Однажды – и надо было такому случиться, что как раз в это время хозяин в магазине нарисовался! – в коробке с дорогим импортным вином не досчитались трех бутылок. Переполох! Продавщицы на алкашей своих косятся. Хотя и на них вроде бы не похоже. Во-первых, больше пузыря за раз обычно не берут и пропажу так замаскируют, что долго не хватишься, А во-вторых, не дорос их организм до благородных напитков. Слаще нумерованных портвейнов они отродясь ничего не пили. Так что – алиби!
А тут как раз один из «бойцов» заскочил в бытовку за куревом и «случайно» заметил в шкафчике Перевалова (давно на них замков нет) эти самые бутылки – стоят три в ряд, родимые, рядом с ботиночками, нарядными этикетками сверкают. Ах ты, гад!
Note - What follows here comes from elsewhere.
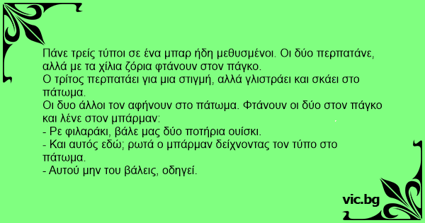 Πάνε τρείς τύποι σε ένα μπαρ ήδη μεθυσμένοι. Οι δύο περπατάνε, αλλά με τα χίλια ζόρια φτάνουν στον πάγκο.

А еще трезвенником прикидывался, честного изображал!.. На благородное винишко потянуло?..
Первый раз в жизни Перевалов столкнулся с подлостью в таком вот чистом неприкрытом виде.
Надо отдать должное хозяину: не бросился он в милицию, но и сам разборок устраивать – кража это или подстава – не стал. Видно, были тому свои резоны. Он просто тут же рассчитал Перевалова и отпустил его с миром. Хотя для оскорбленного несправедливым подозрением Николая Федоровича мир этот был хуже наказания.
20
Он опять замкнулся в панельном склепе своей «хрущобы» и, пока оставались от расчета в магазине деньги, выходил раз в три-четыре дня на микрорайонный минирынок купить себе и коту рыбы, хлеба и молока, которые здесь были ощутимо дешевле, чем в продмагах.
За дешевым хлебом и молоком, привозимом в автоцистернах, выстраивались очереди пенсионеров, малоимущих и таких же, как Перевалов, безработных.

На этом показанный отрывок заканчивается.